With such an excellent preparation we then came to the first service of the Pre-sanctified Liturgy on Friday evening. These quietly beautiful evening Liturgies are a special feature of our Lenten journey. The unique "last prayer" of the service reveals to us the purpose and great value of these services:
"O Almighty Lord, who has made all created things in Wisdom,
and by Thine inexpressible Providence and great goodness
has brought us to these all-holy days for the purification of body and soul,
for the controlling of carnal passions, and for hope of the Resurrection;
who during the forty days didst give into the hand of thy servant Moses the Tables of the Law...
enable us also, O Good One, to fight the good fight,
to accomplish the course of the Fast, to preserve inviolate the faith,
to crush underfoot the heads of invisible serpents,
to be accounted victors over sin,
and to attain uncondemned and adore the Holy Resurrection...
This is a "Triumph" of Orthodoxy - in us!"
So, once again, I say, congratulations! We have made a beginning.
This Sunday of Orthodoxy, we are not just celebrating an ancient doctrinal victory of the historical Church, the theological justification of icons and their veneration. Important as that is to the truth of our faith, it will be of little meaning or practical help to us if we do not experience Christ's victory over sin and evil in our own lives. This is of utmost importance. In our Orthodox evangelism we tell people "Come and see for yourselves." Not believe this, or that, rational proposition or explanation. Come and see. Come and experience the Truth directly and grow in the knowledge of that Truth through a continually deepening relationship with Jesus Christ in His Church. We do not sing"We Know about the True Light" but rather"We have seen the True Light." We must be witnesses to the Power and Love of God, witnesses of what that Power and Love are doing in our own lives to rescue us from the illusions of our fallen minds and hearts.
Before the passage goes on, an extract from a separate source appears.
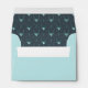 This envelope interior features a trendy pattern of deer head silhouettes with curving antlers, stylised arrows and tiny snowflakes with a textured-effect in shades of watchet blue on a deep teal background. Exterior colour can be changed to any colour. A template has been provided to add your name and address on the back flap. Search ID861 thru ID864 to see additional colour options and other products in this modern, Christmas design set.
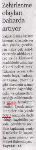 1. Haberimizin serlevhası "Zehirlenme olayları baharda artıyor." Haberin menşe'i Sağlık Bakanlığı'nın internet sitesi. Lâkin, bize haberi ulaşdıran kim? "Kayseri, aa" ya'nî ey azizler, Anadolu Ajansı'nın Kayseri bürosu. Anladığım kadarıyla, bahis mevzuu internet sitesi Sağlık Bakanlığı'na âid, ya'nî Kayseri Sağlık Müdürlüğü filân değil. Demek ki, Anadolu Ajansı Kayseri bürosu, bu "haber"i yakalayıp "haber" ediyor. Âferin orada çalışanlara! desek mi demesek mi? Bendeniz bu hususda tereddüdler içindeyim ey azizler. Ne deyeceğimi bilemeyorum.

Indeed. If we do not know this triumph in our own lives we will never really understand either Christ's Great Victory or the many great historical victories of His Church and His Saints.
The Triumph of Orthodoxy is not a triumph of ours but rather a triumph of God - in us, a blessed defeat of our egotism and a liberation from the bondage of Self. Let us be joyful, therefore, and press on into an ever deeper repentance and an ever greater "Triumph of Orthodoxy." Amen!